Милейший старик Кант… глянул бы на ядерные испытания, на генетические опыты, заревел бы – «Да пропадите вы пропадом, образованцы шелудивые!..»
Задолго до интернета ощущал избыточность информации для людей, «грамотеющих» на глазах, и, словно предчувствуя неизбежное появление компьютера, или чего-то вроде, пророчил гибель от расширения иформационного поля:
Гибель от информационной переизбыточности…»

И тут же вдруг – словно обрыв, странная перебивочка в стихах

«…сомкнулись годы в тусклое кольцо.
Прошла людей по жизни вереница…
Всё ничего.
Да только стало сниться
Одно за всех – припухлое – Лицо…»

И – как ни в чём ни бывало, продолжение темы «Канта»:

…Кант и не предполагал, сколь быстро сбудутся пророчества. Нет,  не обзывал тёмный люд быдлом, не испытывал к нему презрения, просто ощущал мощь иерархии. Как природной, так и социокультурной:
Одному судьба возделывать землю, другому учиться, третьему – хранить знания. Хранить в глубокой тайне, с величайшей осмотрительностью посвящая в неё только избранных…
Европеец Кант был африканцем, египтянином?
Нет, он был древним египтянином. Более того, он был из касты жрецов!
А, собственно, что в этом странного?..
Умный, бесстрашный, независимо мыслящий кроманьонец Кант… хороший кроманьонец. Уже два века тому окончательно осознавший: человечество в его образованчестве и всех исходящих из этого кроманьонских безобразиях – обречено. И только ждёт Судного Дня. А вот что или кто выступит в качестве Судии – тут он допускал всё, что угодно. Ещё бы! – Человек, представивший миру несколько вариантов доказательств Бытия Божия и одновременно столько же вариантов небытия, был плюралистом высшей марки...

***
…современники описывали Случай с Кантом. Однажды он, как всегда пунктуально, в намеченное время, прогуливаясь по улицам родного Кенингсберга, увидел дивную картину: бегает с топором какой-то мужик и рубит – налево-направо – всех попадающихся под руку. Рубит без разбору, напрочь. Кто могли, разбежались.
Все, но только не Кант. Он дождался мужика с топором.
Тот, подбежал и, уже замахнувшись, остановился… Кант, спокойно глядя в его глаза,  спросил только: «А что, уже прямо сегодня День Забоя?..»
Мужик с топором (а это был явно не Раскольников, тот из другого анекдота) секунду смотрел на Канта, смотрел… а потом вдруг завизжал, выбросил топор и скрылся в ближайшей подворотне.
Если даже это и легенда, какое она даёт представление о степени  убеждённости Канта в неправомочности опошленного человечка пребывать в этом мире!
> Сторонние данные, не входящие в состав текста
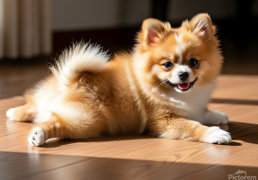 The content orange and white Pomeranian puppy settles back into another perfect sploot on the wooden floor showing it has discovered a new favorite relaxation position with a peaceful expression Digital Artwork.

И ясно из легенды, почему Кант нисколько не удивился Судному Дню. Даже самому Судии в образе мужика с топором. Какая разница, когда, как, от кого погибать обречённым?
Самое поразительное в данной истории то, что именно философская убеждённость в жизненной ничтожности человека спасла человеку жизнь. И просто человеку Канту, и  Канту философу.
Ибо без своего философского безумства он бы не сделался тем, кто – единственный в толпе горожан! – оказался способным отрезвить и напугать безумного человека...»

***
«Знающий не говорит.
Говорящий не знает…» – Кто сказал? Великий?..
Не уверен. Нашлась записочка,  почерк его. Может, выписал откуда. А кто сказал, где?.. На Востоке, однако.

***
«Глубина выпитого измеряется глубиной отчаяния». Кто сказал? Где?
Великий, однако. Здесь.


Из самобредней Великого:

– «Тыкву мне, тыкву! – крикнул Чацкий Золушке. – Манты с тыквой хочу!..  Уж полночь близится, а тыквы нет и нет!..»

***
Вот увидишь
«Разглядывая собственный пупок,
Я возопил, познав себя как Бог!
Ты тоже возопишь,
Когда не будешь туп,
Что середина человека – пуп!»

***
«Дом свиданий»… что?!!
О том
Я и думать не хотел,
Но попал в кошмарный дом
Под названием «HoteL».
Значит, всё-таки, – хотел!
Значит, всё-таки, – потел!..
…до сих пор ещё потею,
Вспоминая много тел»…

***
       «Нет случайных совпадений на свете. Есть убедительные, и не очень» – изрекал Великий с кафедры в пивной. Когда же требовали  развёртывания этой, наверняка значительной, но смутной, а потому сомнительной апории, добавлял глубокомысленно:
«Частотностью поверяется убедительность, следовательно – истинность совпадений».
Внимающие путались и пугались ещё боле. Тогда Великий сдувал, наконец, щёки, отбрасывал опостылевшие котурны, сгонял спесь с образованной, якобы, рожи, которую с годами стали украшать допотопные очки-велосипед, и нисходил с пьедестала.
Впрочем, вечные лоскуты изоленты, схватывавшей древние трещины на любимых исторических очках дедушки-академика, предательски подвергали сомнению его дипломированную учёность. И, тем не менее, он дорожил этой рухлядью, как памятью о знаменитом некогда деде, которого не знал, не видел, и потому любил. В отличие от тех, которых знал, видел воочию, и потому не любил.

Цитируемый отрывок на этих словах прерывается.